= ACTION ITEM =
Here are records with pictures in them. Copy all of them exactly and leave the pictures out.

= DATA EXTRACT =
• • • •

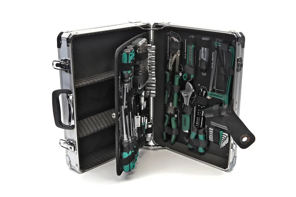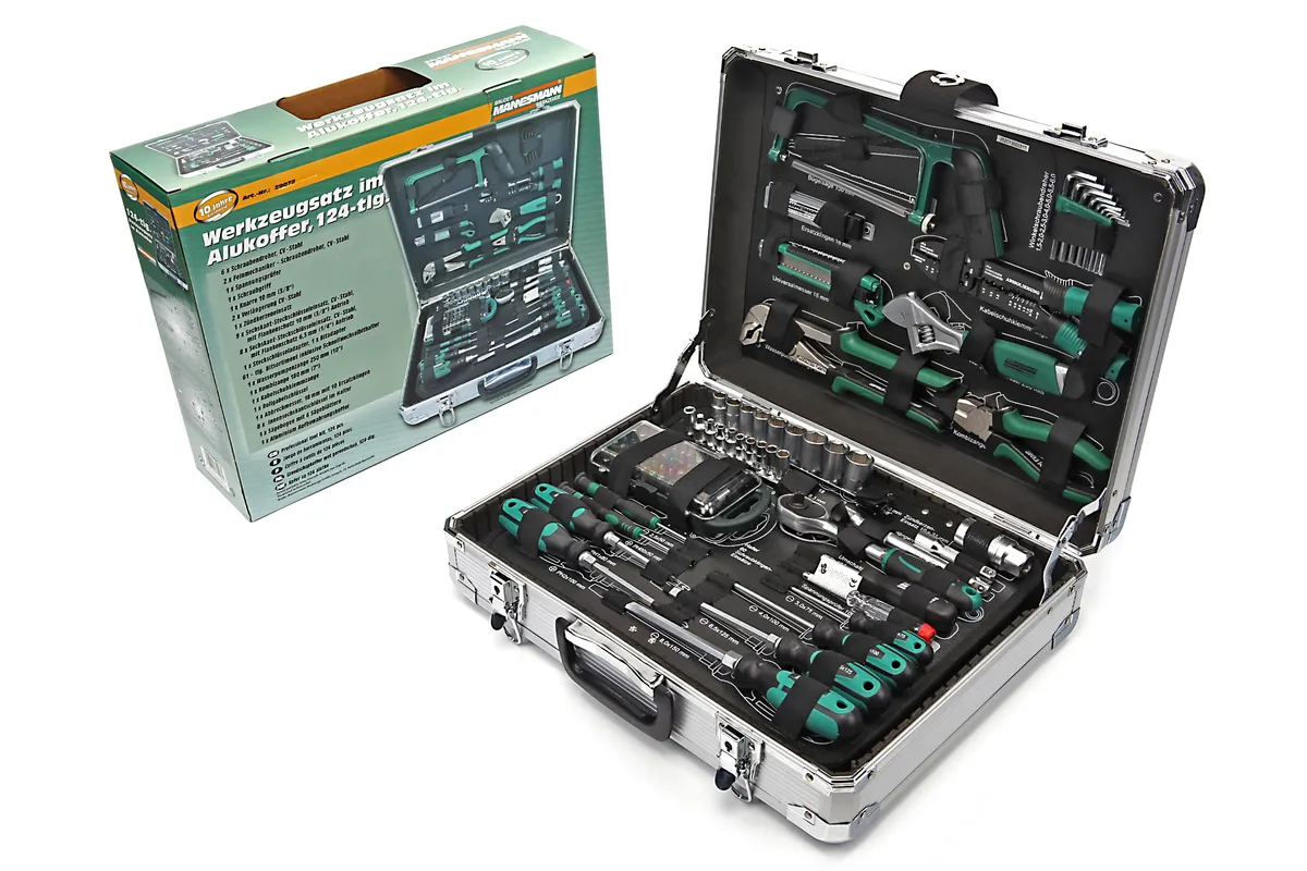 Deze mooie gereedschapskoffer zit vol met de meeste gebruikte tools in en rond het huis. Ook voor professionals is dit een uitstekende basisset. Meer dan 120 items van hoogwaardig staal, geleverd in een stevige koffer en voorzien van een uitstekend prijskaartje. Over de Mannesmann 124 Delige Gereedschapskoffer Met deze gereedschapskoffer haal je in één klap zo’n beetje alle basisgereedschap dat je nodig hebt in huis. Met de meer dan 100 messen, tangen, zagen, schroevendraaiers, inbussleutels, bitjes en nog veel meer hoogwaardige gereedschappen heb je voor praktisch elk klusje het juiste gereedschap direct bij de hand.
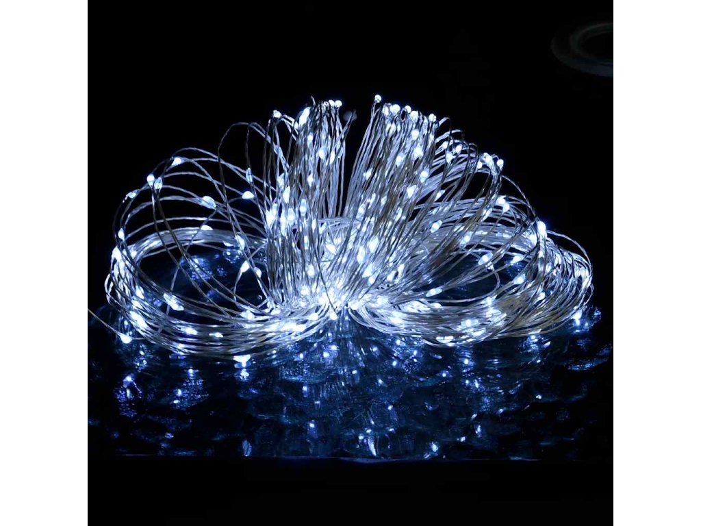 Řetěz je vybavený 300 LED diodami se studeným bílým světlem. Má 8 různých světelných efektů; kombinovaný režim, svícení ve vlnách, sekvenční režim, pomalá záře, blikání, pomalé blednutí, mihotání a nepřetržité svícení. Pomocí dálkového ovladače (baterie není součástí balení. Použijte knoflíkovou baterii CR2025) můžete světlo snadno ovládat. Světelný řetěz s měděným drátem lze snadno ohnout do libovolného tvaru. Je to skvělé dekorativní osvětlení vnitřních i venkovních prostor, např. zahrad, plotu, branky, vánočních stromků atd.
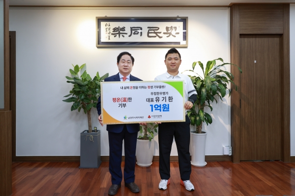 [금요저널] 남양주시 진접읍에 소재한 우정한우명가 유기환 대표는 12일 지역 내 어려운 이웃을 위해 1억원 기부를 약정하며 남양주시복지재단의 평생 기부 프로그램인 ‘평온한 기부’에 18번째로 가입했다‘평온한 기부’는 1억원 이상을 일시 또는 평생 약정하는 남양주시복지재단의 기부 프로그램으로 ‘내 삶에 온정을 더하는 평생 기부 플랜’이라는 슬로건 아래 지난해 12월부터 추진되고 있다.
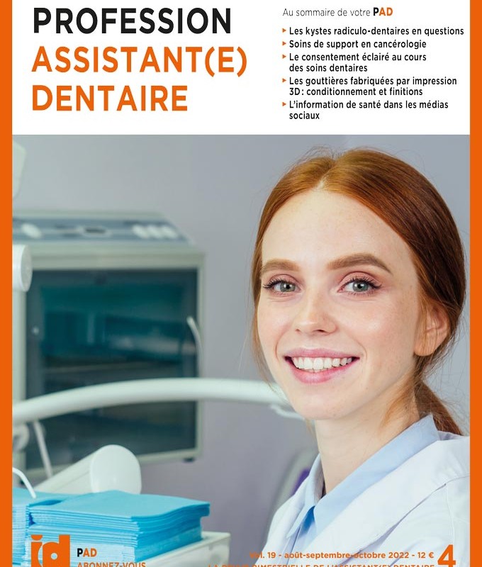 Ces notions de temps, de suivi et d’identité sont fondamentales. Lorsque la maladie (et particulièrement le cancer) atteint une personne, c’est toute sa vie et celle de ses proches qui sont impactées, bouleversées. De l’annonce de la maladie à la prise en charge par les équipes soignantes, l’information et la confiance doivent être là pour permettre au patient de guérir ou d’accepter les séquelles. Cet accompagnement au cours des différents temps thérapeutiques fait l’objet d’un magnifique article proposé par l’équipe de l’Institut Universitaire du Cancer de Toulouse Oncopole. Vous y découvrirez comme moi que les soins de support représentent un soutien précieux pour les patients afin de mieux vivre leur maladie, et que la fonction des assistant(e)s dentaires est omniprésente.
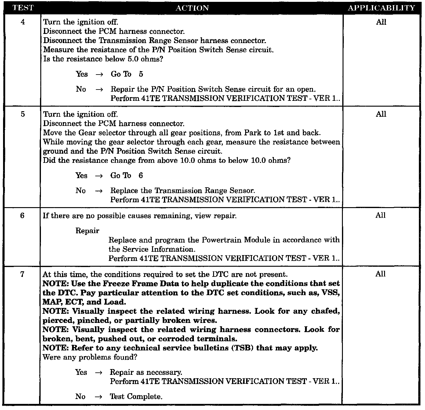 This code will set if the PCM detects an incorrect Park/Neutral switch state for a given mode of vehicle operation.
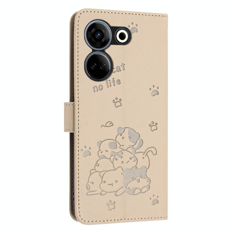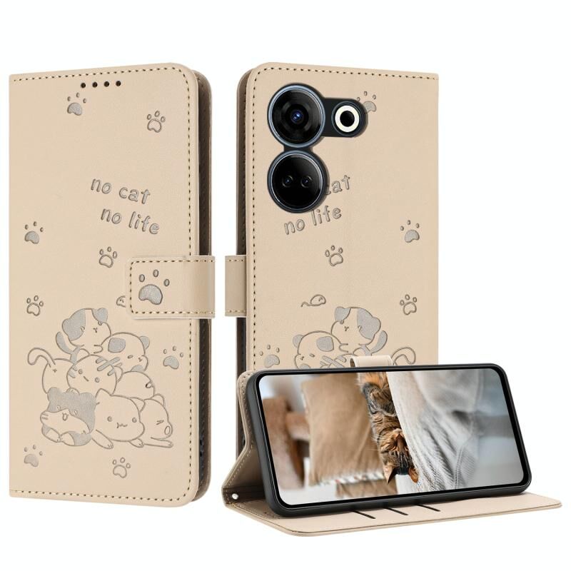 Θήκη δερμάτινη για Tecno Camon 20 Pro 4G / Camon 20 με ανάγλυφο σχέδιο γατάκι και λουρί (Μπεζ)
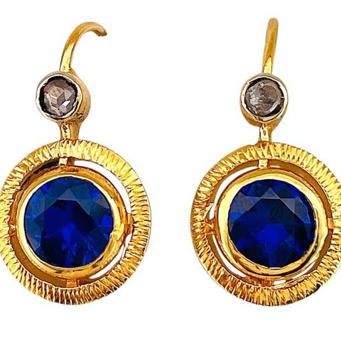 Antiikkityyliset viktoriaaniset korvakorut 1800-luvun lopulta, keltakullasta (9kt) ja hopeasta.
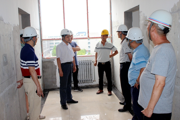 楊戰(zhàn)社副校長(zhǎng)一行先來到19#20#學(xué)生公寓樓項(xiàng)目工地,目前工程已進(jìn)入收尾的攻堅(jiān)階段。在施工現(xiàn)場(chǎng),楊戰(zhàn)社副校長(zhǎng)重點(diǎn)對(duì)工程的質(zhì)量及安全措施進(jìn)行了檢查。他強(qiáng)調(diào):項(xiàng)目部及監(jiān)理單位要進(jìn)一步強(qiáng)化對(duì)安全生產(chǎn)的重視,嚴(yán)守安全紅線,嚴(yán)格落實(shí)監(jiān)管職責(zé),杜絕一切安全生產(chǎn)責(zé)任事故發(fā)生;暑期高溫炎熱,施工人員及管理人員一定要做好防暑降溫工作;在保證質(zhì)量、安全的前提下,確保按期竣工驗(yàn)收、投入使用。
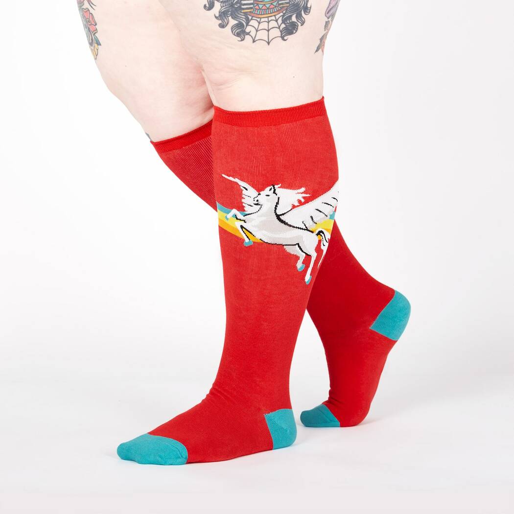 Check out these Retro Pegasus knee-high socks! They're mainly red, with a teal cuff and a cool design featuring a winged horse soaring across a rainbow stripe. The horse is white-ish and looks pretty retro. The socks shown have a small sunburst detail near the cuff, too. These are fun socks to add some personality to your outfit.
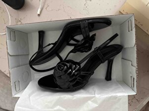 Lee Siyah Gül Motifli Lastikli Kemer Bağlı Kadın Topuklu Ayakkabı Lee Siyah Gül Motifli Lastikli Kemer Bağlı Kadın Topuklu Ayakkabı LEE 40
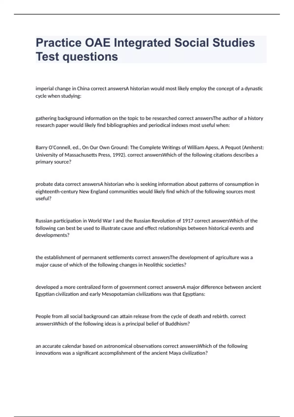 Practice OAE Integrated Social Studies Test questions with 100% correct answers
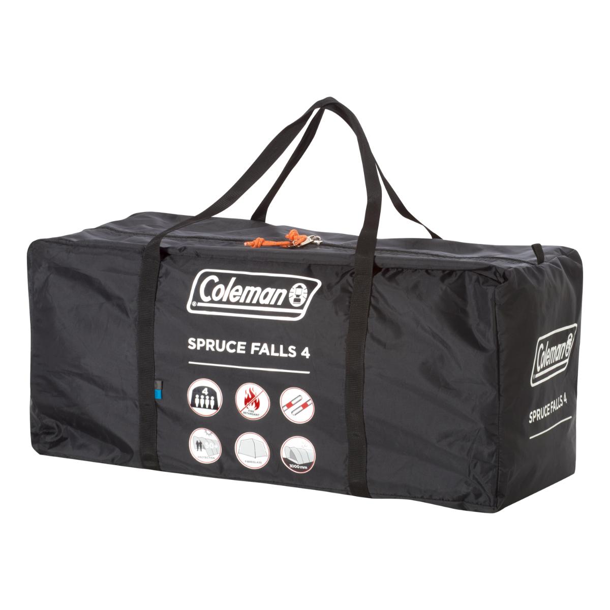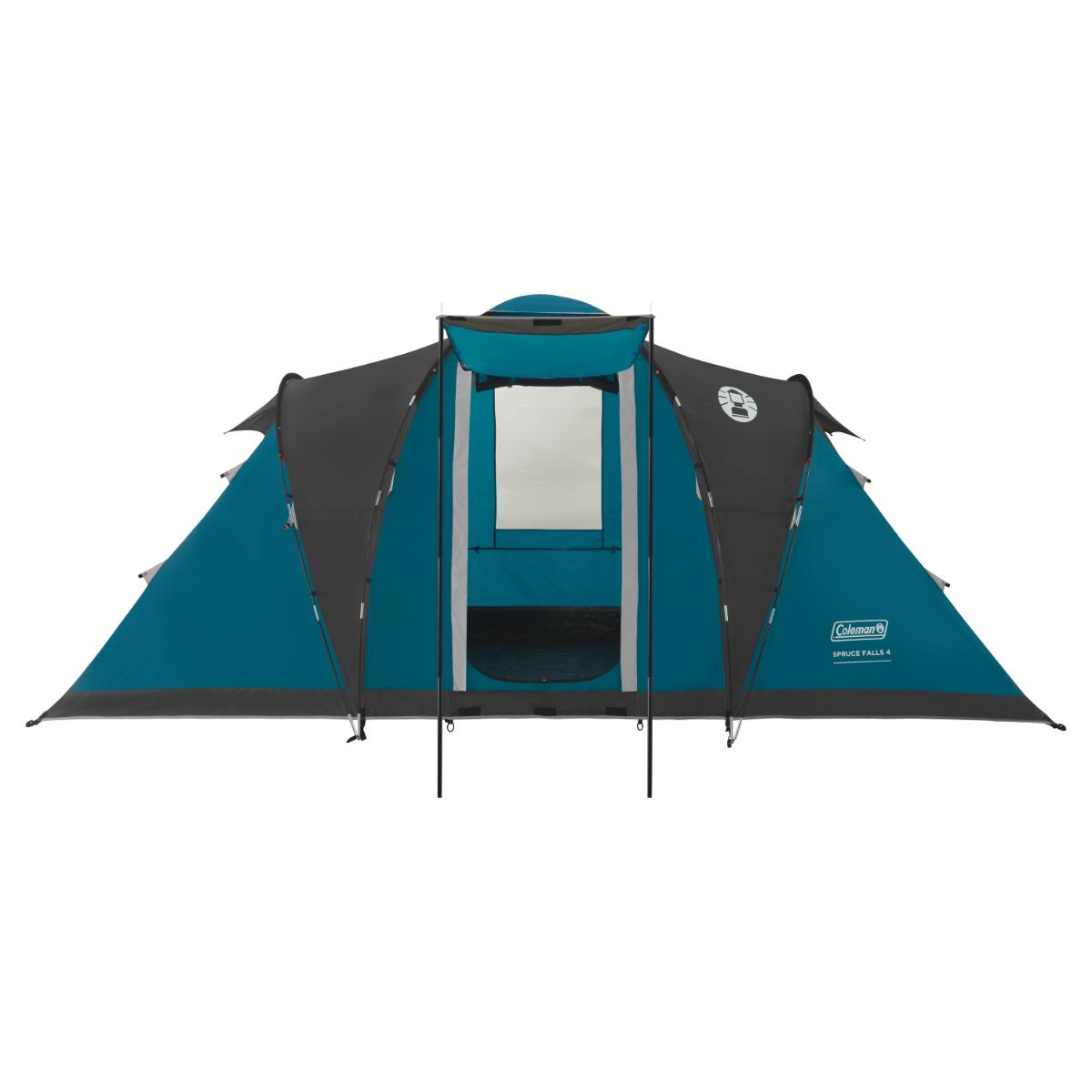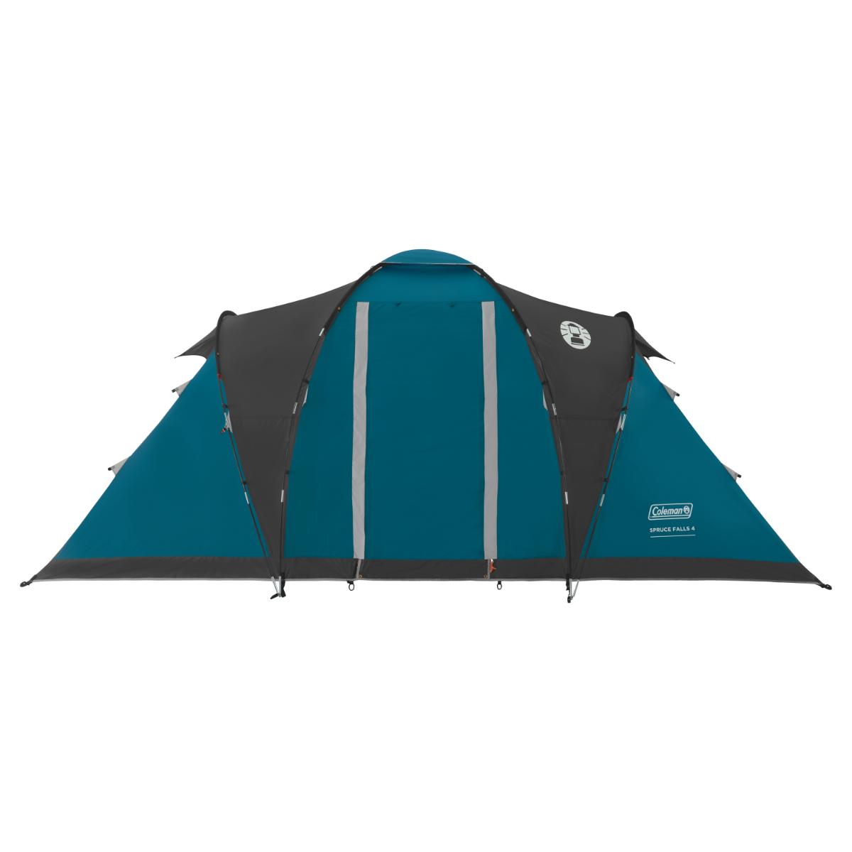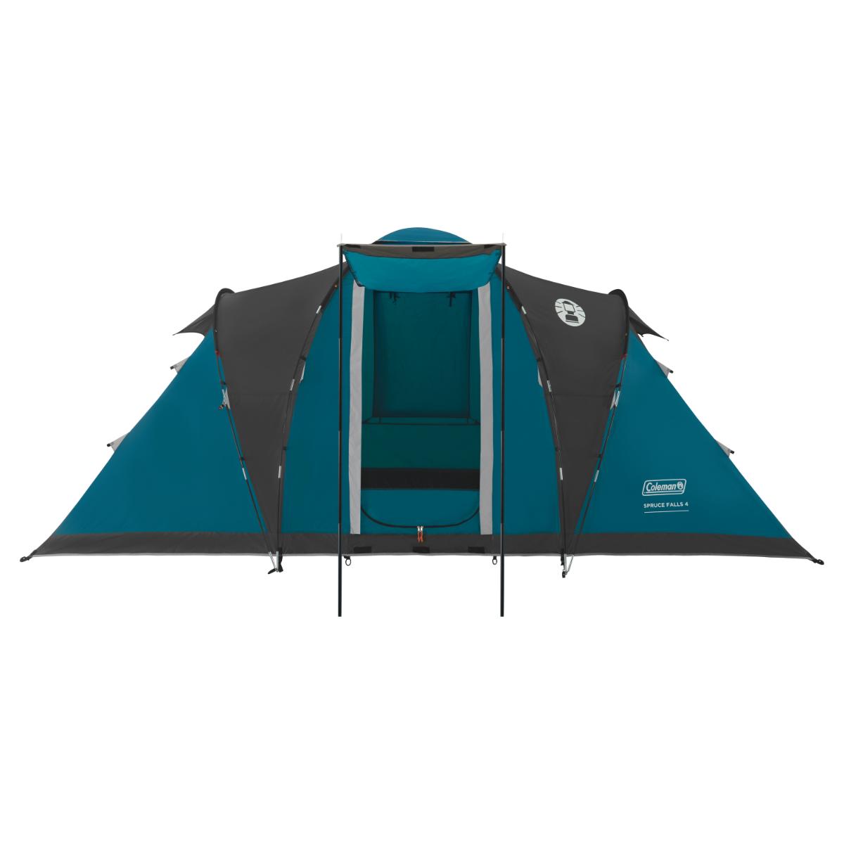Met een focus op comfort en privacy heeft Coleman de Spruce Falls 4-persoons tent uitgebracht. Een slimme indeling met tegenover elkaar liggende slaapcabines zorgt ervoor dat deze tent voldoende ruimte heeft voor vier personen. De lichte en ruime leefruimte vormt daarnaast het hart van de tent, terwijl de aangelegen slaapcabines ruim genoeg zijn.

• • • •

= WRITTEN ANSWER =
 Deze mooie gereedschapskoffer zit vol met de meeste gebruikte tools in en rond het huis. Ook voor professionals is dit een uitstekende basisset. Meer dan 120 items van hoogwaardig staal, geleverd in een stevige koffer en voorzien van een uitstekend prijskaartje. Over de Mannesmann 124 Delige Gereedschapskoffer Met deze gereedschapskoffer haal je in één klap zo’n beetje alle basisgereedschap dat je nodig hebt in huis. Met de meer dan 100 messen, tangen, zagen, schroevendraaiers, inbussleutels, bitjes en nog veel meer hoogwaardige gereedschappen heb je voor praktisch elk klusje het juiste gereedschap direct bij de hand.
 Řetěz je vybavený 300 LED diodami se studeným bílým světlem. Má 8 různých světelných efektů; kombinovaný režim, svícení ve vlnách, sekvenční režim, pomalá záře, blikání, pomalé blednutí, mihotání a nepřetržité svícení. Pomocí dálkového ovladače (baterie není součástí balení. Použijte knoflíkovou baterii CR2025) můžete světlo snadno ovládat. Světelný řetěz s měděným drátem lze snadno ohnout do libovolného tvaru. Je to skvělé dekorativní osvětlení vnitřních i venkovních prostor, např. zahrad, plotu, branky, vánočních stromků atd.
 [금요저널] 남양주시 진접읍에 소재한 우정한우명가 유기환 대표는 12일 지역 내 어려운 이웃을 위해 1억원 기부를 약정하며 남양주시복지재단의 평생 기부 프로그램인 ‘평온한 기부’에 18번째로 가입했다‘평온한 기부’는 1억원 이상을 일시 또는 평생 약정하는 남양주시복지재단의 기부 프로그램으로 ‘내 삶에 온정을 더하는 평생 기부 플랜’이라는 슬로건 아래 지난해 12월부터 추진되고 있다.
 Ces notions de temps, de suivi et d’identité sont fondamentales. Lorsque la maladie (et particulièrement le cancer) atteint une personne, c’est toute sa vie et celle de ses proches qui sont impactées, bouleversées. De l’annonce de la maladie à la prise en charge par les équipes soignantes, l’information et la confiance doivent être là pour permettre au patient de guérir ou d’accepter les séquelles. Cet accompagnement au cours des différents temps thérapeutiques fait l’objet d’un magnifique article proposé par l’équipe de l’Institut Universitaire du Cancer de Toulouse Oncopole. Vous y découvrirez comme moi que les soins de support représentent un soutien précieux pour les patients afin de mieux vivre leur maladie, et que la fonction des assistant(e)s dentaires est omniprésente.
 This code will set if the PCM detects an incorrect Park/Neutral switch state for a given mode of vehicle operation.
 Θήκη δερμάτινη για Tecno Camon 20 Pro 4G / Camon 20 με ανάγλυφο σχέδιο γατάκι και λουρί (Μπεζ)
 Antiikkityyliset viktoriaaniset korvakorut 1800-luvun lopulta, keltakullasta (9kt) ja hopeasta.
 楊戰(zhàn)社副校長(zhǎng)一行先來到19#20#學(xué)生公寓樓項(xiàng)目工地,目前工程已進(jìn)入收尾的攻堅(jiān)階段。在施工現(xiàn)場(chǎng),楊戰(zhàn)社副校長(zhǎng)重點(diǎn)對(duì)工程的質(zhì)量及安全措施進(jìn)行了檢查。他強(qiáng)調(diào):項(xiàng)目部及監(jiān)理單位要進(jìn)一步強(qiáng)化對(duì)安全生產(chǎn)的重視,嚴(yán)守安全紅線,嚴(yán)格落實(shí)監(jiān)管職責(zé),杜絕一切安全生產(chǎn)責(zé)任事故發(fā)生;暑期高溫炎熱,施工人員及管理人員一定要做好防暑降溫工作;在保證質(zhì)量、安全的前提下,確保按期竣工驗(yàn)收、投入使用。
 Check out these Retro Pegasus knee-high socks! They're mainly red, with a teal cuff and a cool design featuring a winged horse soaring across a rainbow stripe. The horse is white-ish and looks pretty retro. The socks shown have a small sunburst detail near the cuff, too. These are fun socks to add some personality to your outfit.
 Lee Siyah Gül Motifli Lastikli Kemer Bağlı Kadın Topuklu Ayakkabı Lee Siyah Gül Motifli Lastikli Kemer Bağlı Kadın Topuklu Ayakkabı LEE 40
 Practice OAE Integrated Social Studies Test questions with 100% correct answers
Met een focus op comfort en privacy heeft Coleman de Spruce Falls 4-persoons tent uitgebracht. Een slimme indeling met tegenover elkaar liggende slaapcabines zorgt ervoor dat deze tent voldoende ruimte heeft voor vier personen. De lichte en ruime leefruimte vormt daarnaast het hart van de tent, terwijl de aangelegen slaapcabines ruim genoeg zijn.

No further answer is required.